Lets assume you are talking about a class API (like a C, C++, Java API for
example) and are just either defining a library or an interface into your
application from code that is loaded from the application's runtime
environment. In that case I could say what you might look into first would be
good OO design and head you off into "Design Patterns" as a classic (there is
also an online Java equivalent of that book which I think is "Java Design
Patterns"). But then you'll spend your years as a junior and mid-tier
developer obsessed with designs and which design to best use. Having the right
classes that "make sense" to a developer is wise, but spending too much time
with patterns isn't.

What I'd suggest is to just look at a number of APIs similar to what you want
and try to create something similar. Basically you want something intuitive,
so design something similar to what developers are used to.
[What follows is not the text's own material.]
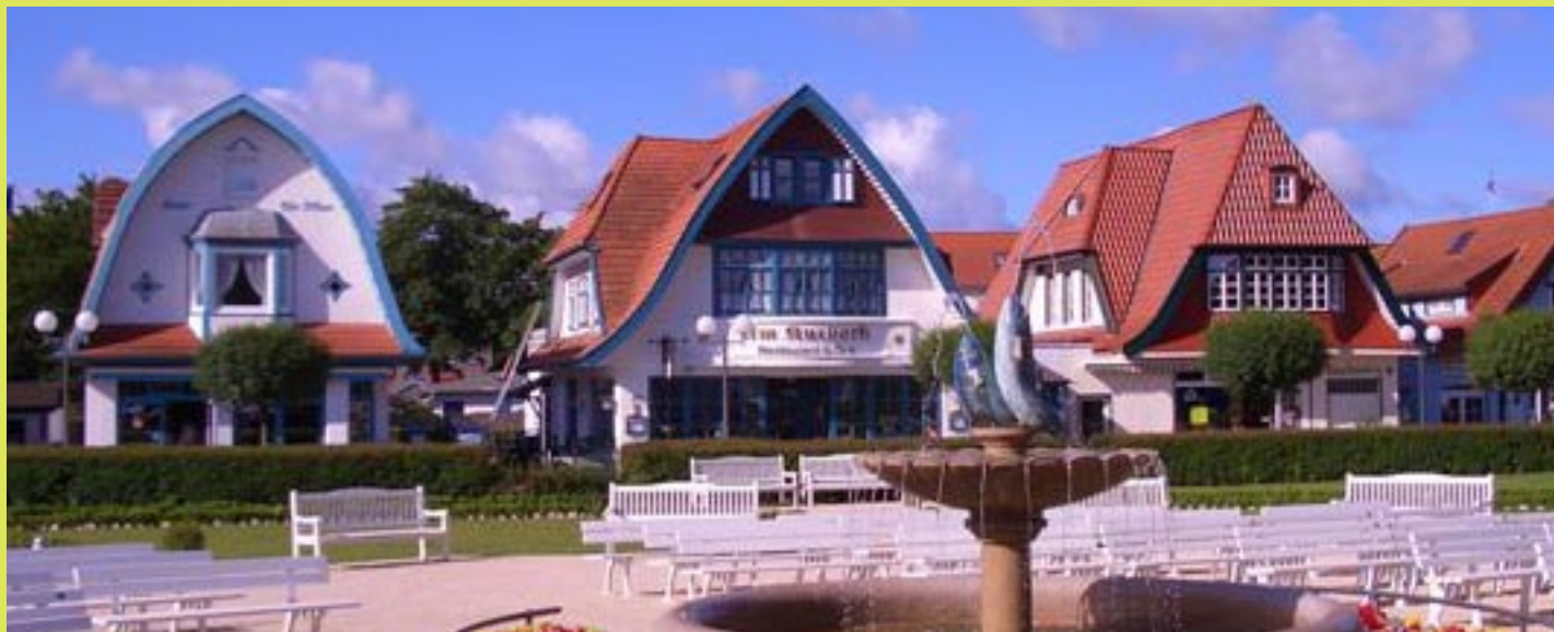
Wandern, Baden und Entdecken im Ostseebad Boltenhagen

Das Ostseebad Boltenhagen und die Stadt Klütz präsentieren sich gemeinsam zur Schau

Consider what
needs to be public in the API. If it isn't providing something obviously and
directly related, it should be in a different library. As for deprecation of
methods over time, this used to be something that was done differently than
now. Used to be that you would be concerned about people continuing to use
your API with older code. These days a number of groups developing (especially
for applications) will force people to change and update by making their API
less backwards compatible (not many do this, but enough to make it hurt- and
it sucks). Good luck!

------
garnaat
If you are interested in REST API's, the best I've ever read is "RESTful Web
Services" by Richardson & Ruby.

------
ewanmcteagle
Framework Design Guidelines: Conventions, Idioms, and Patterns for Reusable
.NET Libraries (2nd Edition) [http://www.amazon.com/Framework-Design-
Guidelines-Convention...](http://www.amazon.com/Framework-Design-Guidelines-
Conventions-Libraries/dp/0321545613/) is an interesting read and contains the
result of actual work on building a large and successful framework. Has
information on exceptions, naming, extensibility, and common patterns.

------
locopati
Haven't read the book (it's on my long list), but the author has a decent blog
riffing on API design ideas

<http://wiki.apidesign.org/wiki/Main_Page>
<http://www.amazon.com/gp/product/1430209739>

------
grep
What about: Service-Oriented Design with Ruby on Rails?

Any comments?

[http://www.amazon.com/Service-Oriented-Design-Ruby-Rails-
Pau...](http://www.amazon.com/Service-Oriented-Design-Ruby-Rails-
Paul/dp/0321659368/ref=sr_1_fkmr0_2?ie=UTF8&qid=1283868123&sr=8-2-fkmr0)

------
indy
Interface Oriented Design by Ken Pugh is pretty good
(<http://pragprog.com/titles/kpiod/interface-oriented-design>)

------
nl
Anything by Josh Bloch

------
c00p3r
SICP